Italy is home to around 45,000 Jews, who are one of the most ancient Jewish communities in the world. Jewish presence dates to the pre-Christian Roman period and has continued uninterrupted up to the present, despite periods of extreme persecution and occasional expulsions from parts of the country. Native Italian Jews, who form the core of the community in Rome, practice the minhag Italkim, or "Italian Jews", but there are also Ashkenazi Jews who have settled in the North, especially in the lands of the former Republic of Venice (Veneto, Friuli-Venezia Giulia and eastern Lombardy) and Piedmont, since the late Middle Ages, and Sephardi Jews, who have established themselves mostly in Livorno, Florence, Venice and several cities of Emilia, after their expulsion from the Kingdom of Naples. The Jewish community of Milan, the country's second largest after Rome's, is the most international in character and composition, notably including a substantial number of Mizrahi Jews originating from Libya and the Middle East. The twenty-one Jewish local communities are affiliated with the Union of Italian Jewish Communities, which counts 25,000 members.

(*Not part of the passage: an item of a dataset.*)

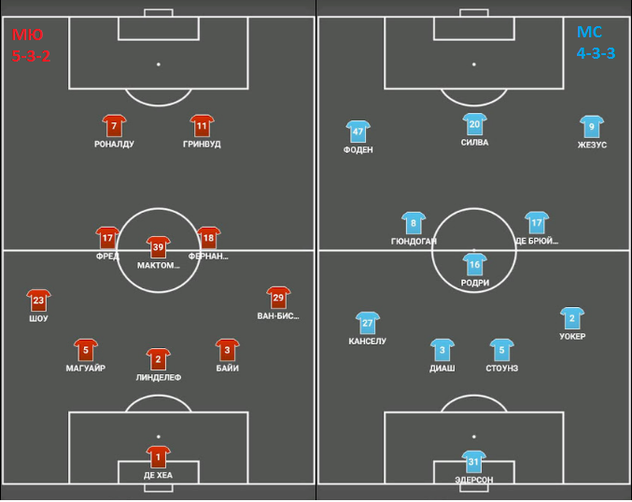 Манчестер Сити: Эдерсон, Уокер, Стоунз, Диаш, Канселу, Гюндоган, Родри, Силва, Жезус, де Брюйне, Фоден
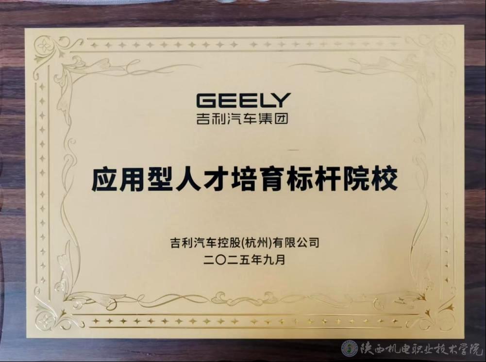 本次活动以“匠星正发光”为主题,汇聚了宝鸡市政府代表、职业院校负责人、行业专家及吉利汽车集团高管,共同推动汽车产业人才生态的共建与升级。陕西机电职业技术学院凭借在校企协同育人方面的卓越成效,被授予“2025年度应用型人才培育标杆院校”荣誉称号。

According to CESNUR, in 2017 in Italy there were about 3,200 adherents to pre-Christian, neo-pagan or neo-shamanic indigenous religions. Modern forms of native polytheism is represented by Roman Polytheistic Reconstructionism, which includes organizations such as Nova Roma, the Associazione Tradizionale Pietas, Communitas Populi Romani, the Movimento Tradizionale Romano, and the Societas Hesperiana pro Culto Deorum. There are also pagans belonging to other European religions, such as Heathenism, to which the Comunità Odinista and the Tempio del Lupo belong; Druidism, Hellenism and Wicca.

Immigration and future scenarios

Immigration has brought to Italy many religious minorities, especially Islam, Eastern Orthodoxy, and Oriental Orthodoxy. By the numbers, in 2015 the country was home to around 1,850,000 Muslims and virtually 1,700,000 Orthodox Christians. Among the latter, especially relevant are the Romanian Orthodox Church, which has a diocese of Italy, and the Greek Orthodox Church through the Ecumenical Patriarchate of Constantinople, whose Archdiocese of Italy and Exarchate of Southern Europe has its see in Venice. Massimo Introvigne, founder and director of CESNUR (an Italian think tank devoted to religious studies) and main author of L'enciclopedia delle religioni in Italia, predicts that, thanks to continued immigration from Eastern Europe, Orthodox Christians could soon become the country's second largest religious group, overtaking Muslims.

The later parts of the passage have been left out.